5 Tips on How to Stretch Correctly
Everybody who’s ever been involved in sport or strenuous exercise can tell you how vital it is to stretch at the beginning and end of any period of extended activity. Stretching the muscles encourages blood flow around the limbs and torso, allowing for an increased level of flexibility and much less risk of strain or other type of injury. Warming up allows athletes to attain the best possible state of readiness before a competition or training session, and can also help focus the mind on the exertion to come.

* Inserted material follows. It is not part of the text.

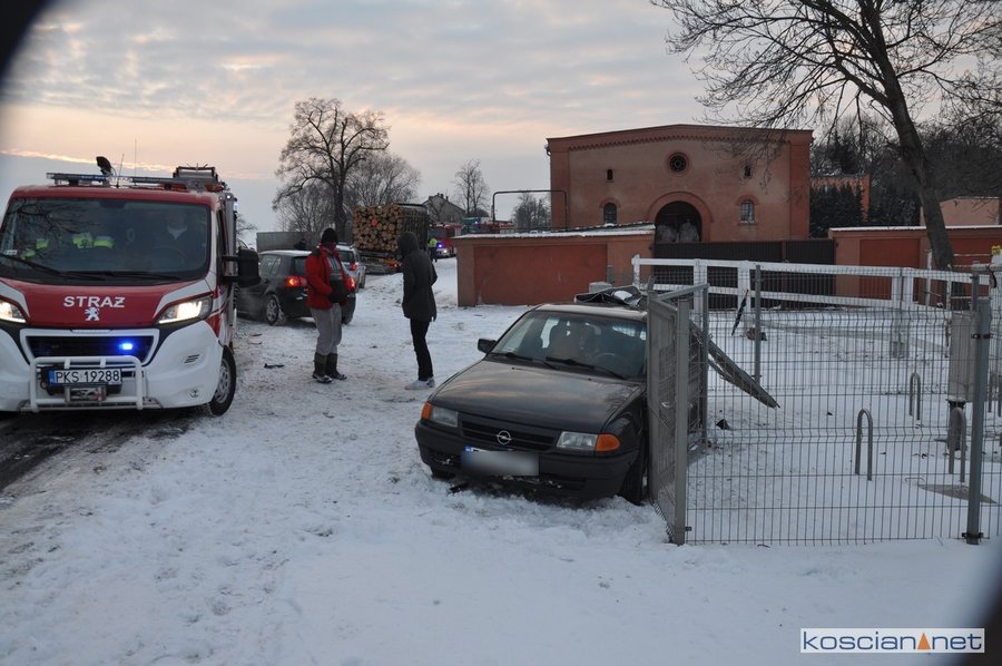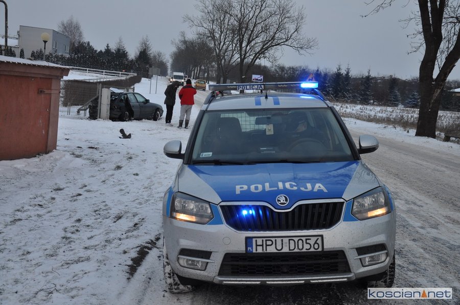 Do kolizji doszło we wtorek, 9 lutego, na drodze wojewódzkiej 311 w Piotrkowicach (gmina Czempiń). Osiemnastolatek kierujący oplem nie dostosował prędkości do warunków panujących na ośnieżonej drodze. Auto wpadło w poślizg, uderzyło w jadący z przeciwnego kierunku samochód ciężarowy po czym wjechało w ogrodzenie. Nikomu nic się nie stało. Nastolatka ukarano mandatem.
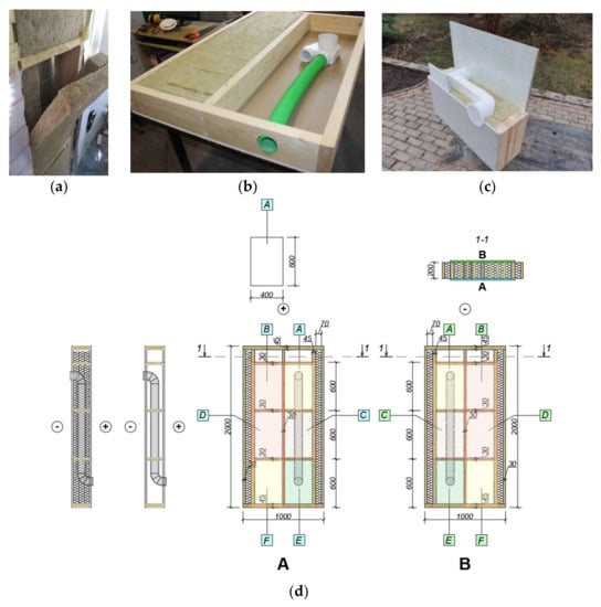 Sustainable [21,22] ballistic panel, thermal conductivity, and fire resistance of wooded construction panel with embedded air duct were analyzed for the various modelled exterior wall solutions. The main advantage of the proposed technology is fast and qualitative modular construction of unclassified buildings [23,24], providing all modern requirements not only for safety, but also for the energy efficiency and indoor air quality. Installation of ventilation systems also is a vitally import to ensure overall system suitability. Emission source control and ventilation are the two major ways to improve indoor air quality [25]. As well as proposed wall solution are unified prefabricated construction elements that significantly reduce construction time and reduce errors during the construction of buildings. Modular construction is one of the most efficient off-site construction methods [26,27]. The presented cases reflect the retrofitting solutions of existing external building envelope. To facilitate the construction process of a new building the wooden frame structures are considered in the scope of this research. Such structures allow precise control of materials and high assembly quality at factory during production. Also wooded frame construction can ensure erection of fast and comfortable temporary shelter development in comparison to mobile traditional tents [28,29].

The most important thing to remember while stretching is that it is important to stretch and prepare every muscle group, not just the ones you plan to use. Runners, for example, do not just stretch their legs, they will stretch their arms, necks, back, abs and pectoral muscles in preparation for a race. Start either from the top or the bottom, preferably sticking to a set routine each time you stretch to warm up, and then reversing it to cool down.
Never overstretch. The point of stretching is not to see how far you can lunge forward, or how long you can hold your toes for. All you are doing is relaxing and lightly--exercising the muscles, not trying to prove anything. Never risk an injury during warm-up or warm-down, as that will completely defeat the object of doing the exercise in the first place!
When stretching, ensure you take deep, steady breaths, breathing in through the nose and out through the mouth. Regulated breathing has been shown to have a positive effect on an athletes’ performance, and it also allows the athlete to maintain a calm, focused state of mind.
If stretching after exercise, try taking a hot bath beforehand, and then stretching out. Immersion in hot water helps relax and tone the muscles, allowing them to rebuild and regenerate after exercise while still maintaining their pliability. An all-body stretching regimen after a hot bath can improve flexibility and muscle tone, as well as providing ample opportunity to get clean.
Finally, take your stretches nice and slow. Never rush through a stretching routine – it should last for a minimum of fifteen minutes before any period of exercise. A few quick hamstring extensions and a thirty-second run on the spot is not enough to warm the muscles up properly. Shirking on your warm-up is a major cause of injury, and even the most accident-prone athlete can help his chances of avoiding serious damage with a good warmup.